• [What is expected]: Only an exact copy of the entries, stripped of pictures, will serve as the answer.

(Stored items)
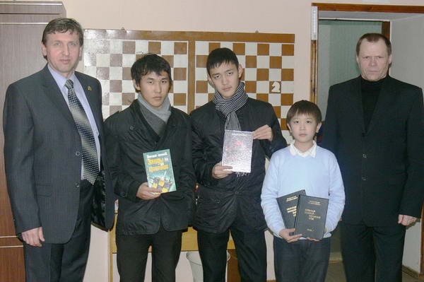 А победители получили от нас книжные призы. Двухтомником «Александр Галицкий - шахматный Гейне» был награжден Айс Бадмаев. Надеюсь, он почерпнет из этих книг красивые матовые позиции для своих будущих «вечнозеленых» партий!
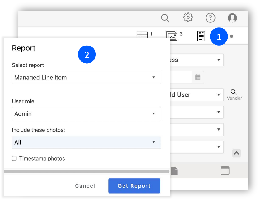 - To generate a report, click into any project and click the PDF report icon in the top right (1).
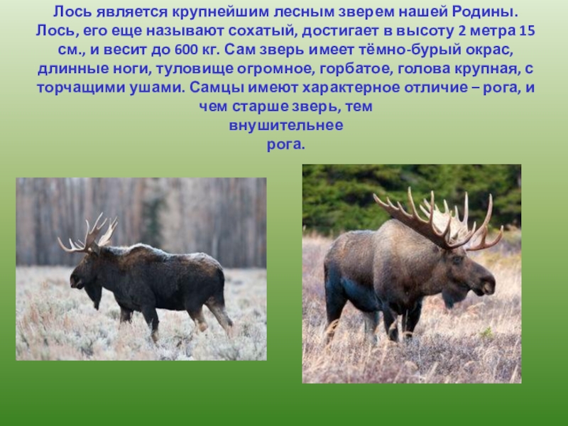 Лось является крупнейшим лесным зверем нашей Родины. Лось, его еще называют сохатый, достигает в высоту 2 метра
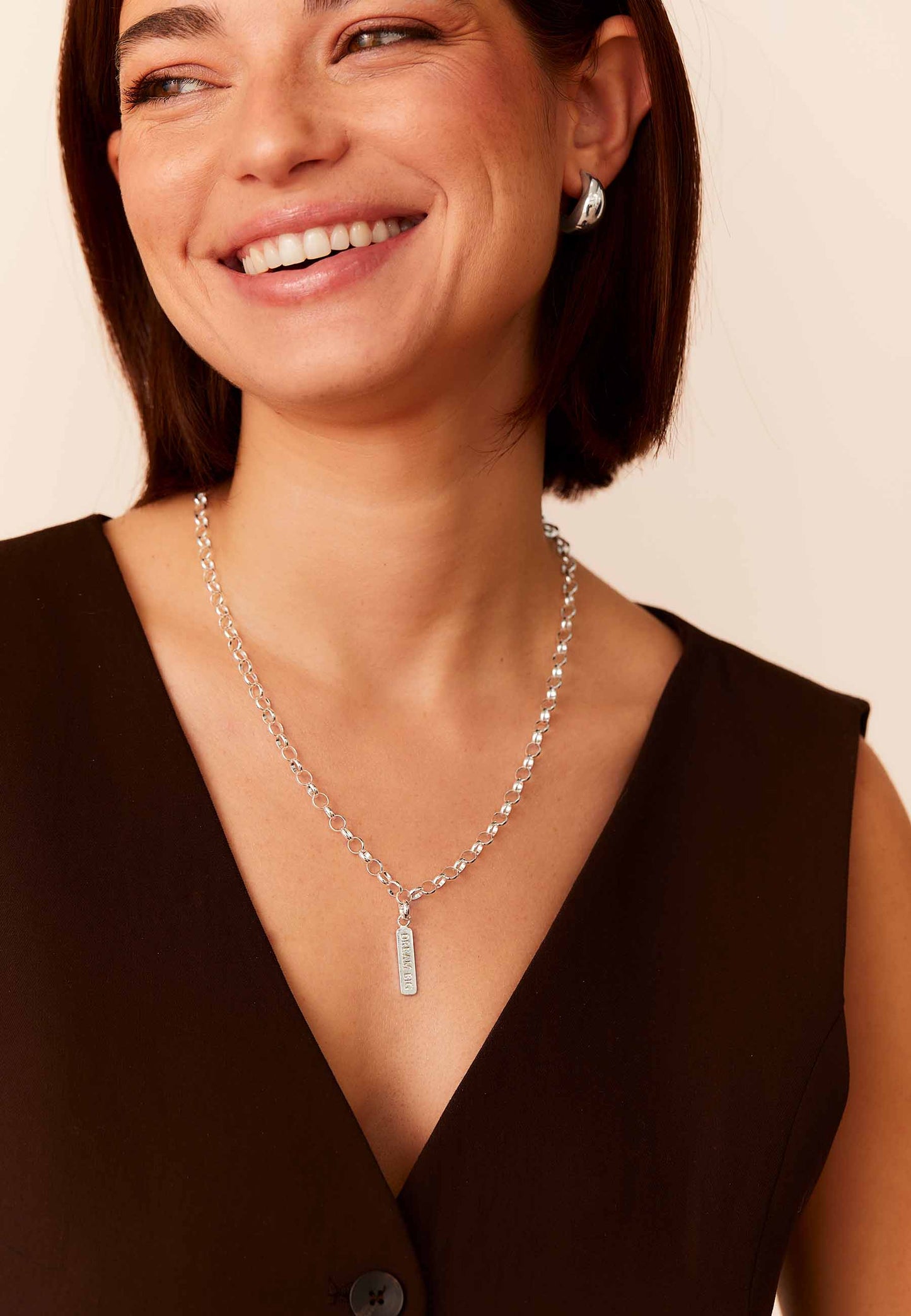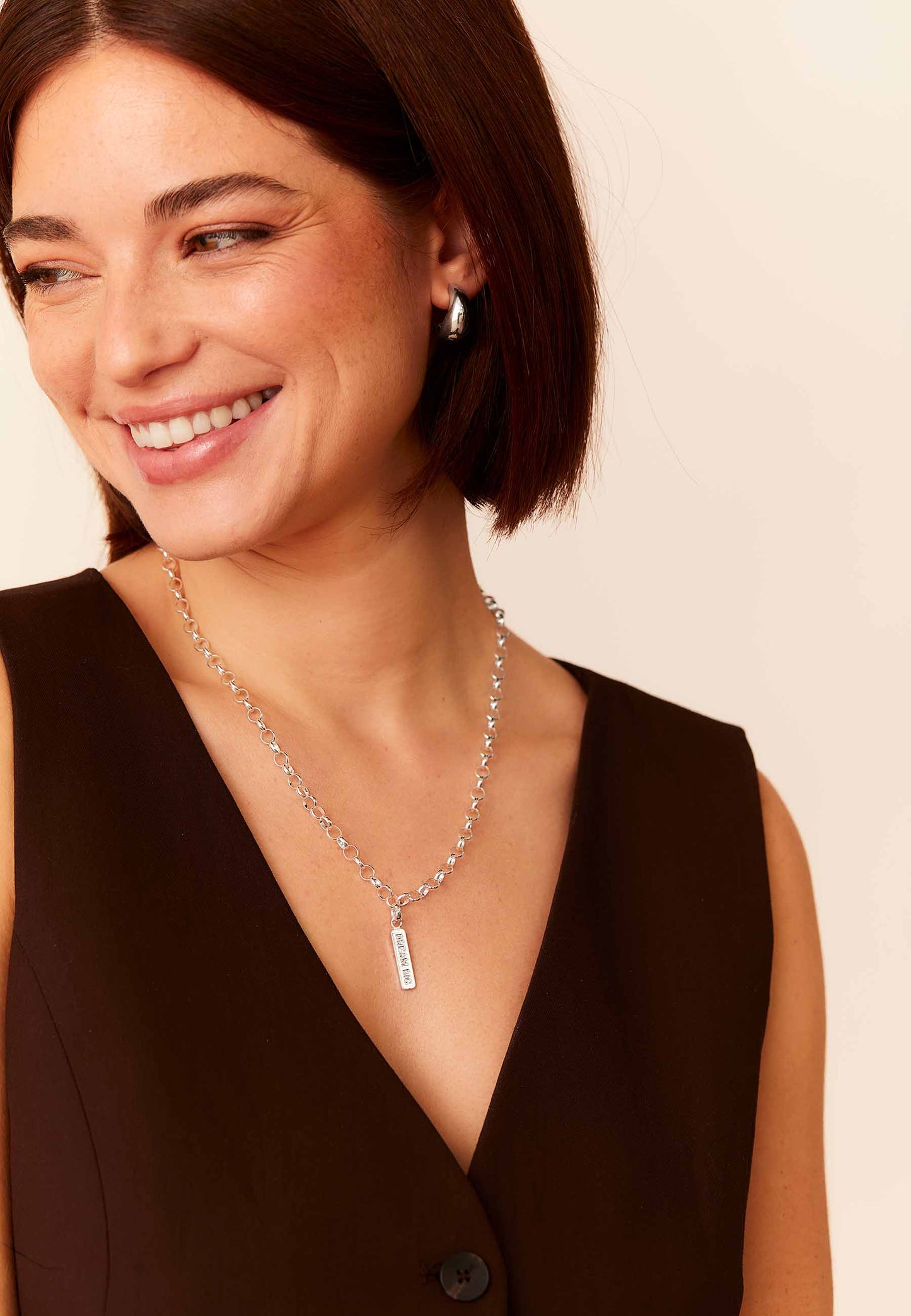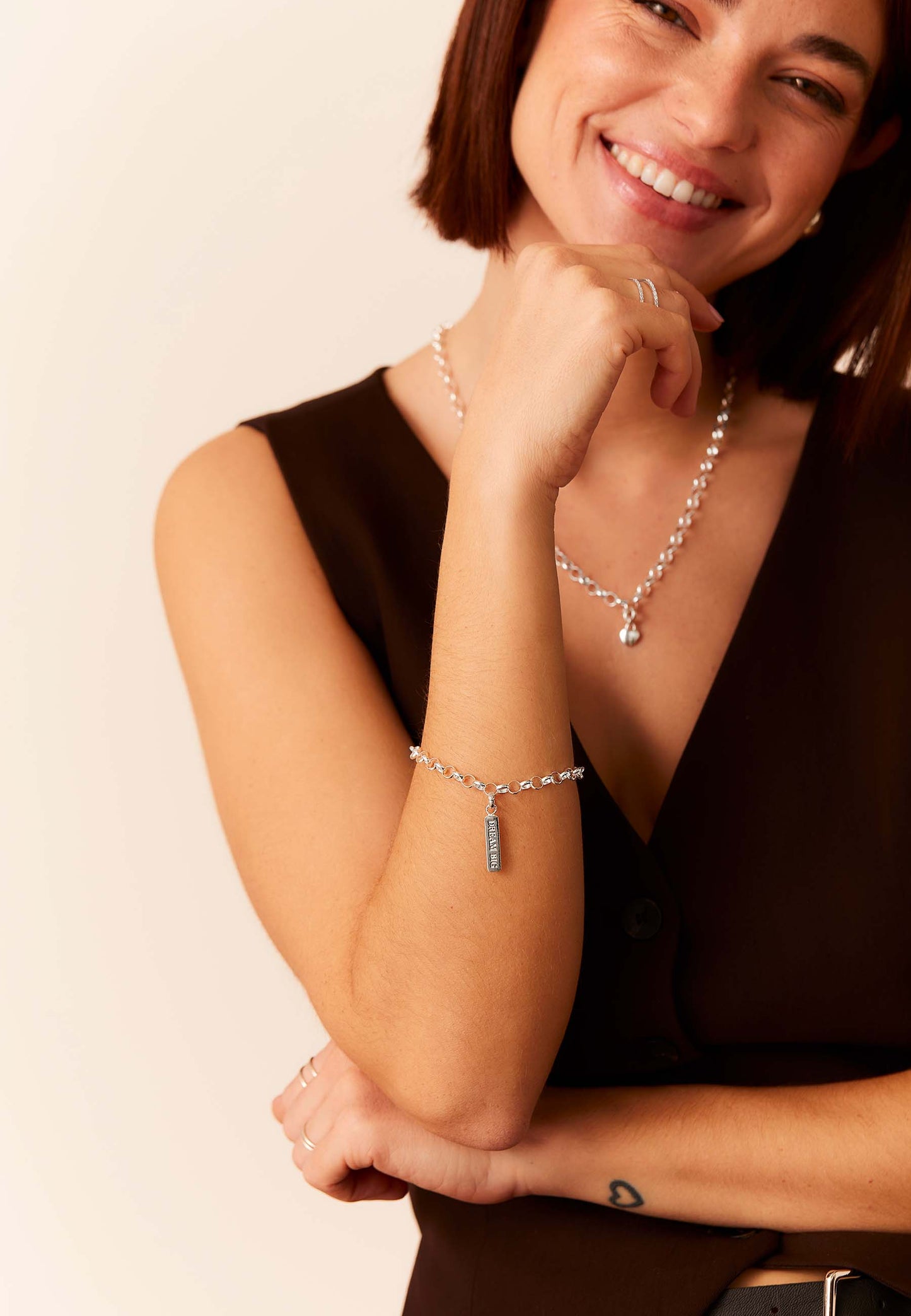 Trage deinen Schmuck häufig und mach dir keine Sorgen bei alltäglichen Aktivitäten wie Duschen, Baden im Meer, Parfümieren oder Sport. Wenn das Silber anläuft, kann es gereinigt werden!
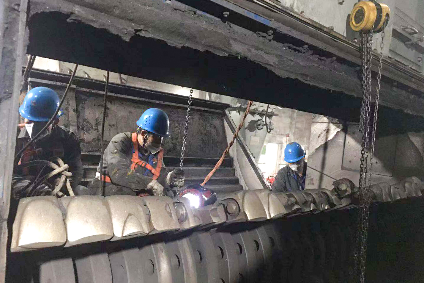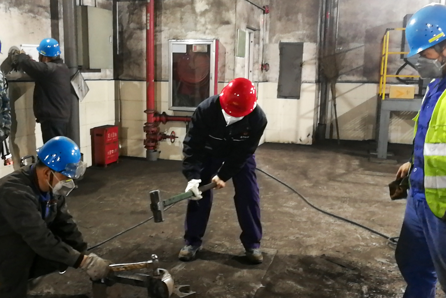 方案一經(jīng)確定,搶修戰(zhàn)役隨即打響。全體參戰(zhàn)人員多路分兵,稱(chēng)重配錘、打磨軸銷(xiāo)、拆除損壞錘臂錘頭,全力投入搶修工作。配對(duì)組在配重過(guò)程中,為了確保一次配重成功,補(bǔ)焊人員精益求精,將誤差控制在0.01kg內(nèi);拆卸組在環(huán)軸與錘臂夾死的處理中,絲毫沒(méi)有因?yàn)椴鹦独щy而有一絲松懈,大家集思廣益,商討制作各種工器具、反復(fù)嘗試各種拆卸方法。最終,在連續(xù)奮戰(zhàn)48小時(shí)后,搶修任務(wù)順利完成,試轉(zhuǎn)一次成功??粗皾M血復(fù)活”的設(shè)備重新投入使用,全體參戰(zhàn)人員的臉上露出了會(huì)心的微笑。

• [Answer]:
 А победители получили от нас книжные призы. Двухтомником «Александр Галицкий - шахматный Гейне» был награжден Айс Бадмаев. Надеюсь, он почерпнет из этих книг красивые матовые позиции для своих будущих «вечнозеленых» партий!
 - To generate a report, click into any project and click the PDF report icon in the top right (1).
 Лось является крупнейшим лесным зверем нашей Родины. Лось, его еще называют сохатый, достигает в высоту 2 метра
 Trage deinen Schmuck häufig und mach dir keine Sorgen bei alltäglichen Aktivitäten wie Duschen, Baden im Meer, Parfümieren oder Sport. Wenn das Silber anläuft, kann es gereinigt werden!
 方案一經(jīng)確定,搶修戰(zhàn)役隨即打響。全體參戰(zhàn)人員多路分兵,稱(chēng)重配錘、打磨軸銷(xiāo)、拆除損壞錘臂錘頭,全力投入搶修工作。配對(duì)組在配重過(guò)程中,為了確保一次配重成功,補(bǔ)焊人員精益求精,將誤差控制在0.01kg內(nèi);拆卸組在環(huán)軸與錘臂夾死的處理中,絲毫沒(méi)有因?yàn)椴鹦独щy而有一絲松懈,大家集思廣益,商討制作各種工器具、反復(fù)嘗試各種拆卸方法。最終,在連續(xù)奮戰(zhàn)48小時(shí)后,搶修任務(wù)順利完成,試轉(zhuǎn)一次成功??粗皾M血復(fù)活”的設(shè)備重新投入使用,全體參戰(zhàn)人員的臉上露出了會(huì)心的微笑。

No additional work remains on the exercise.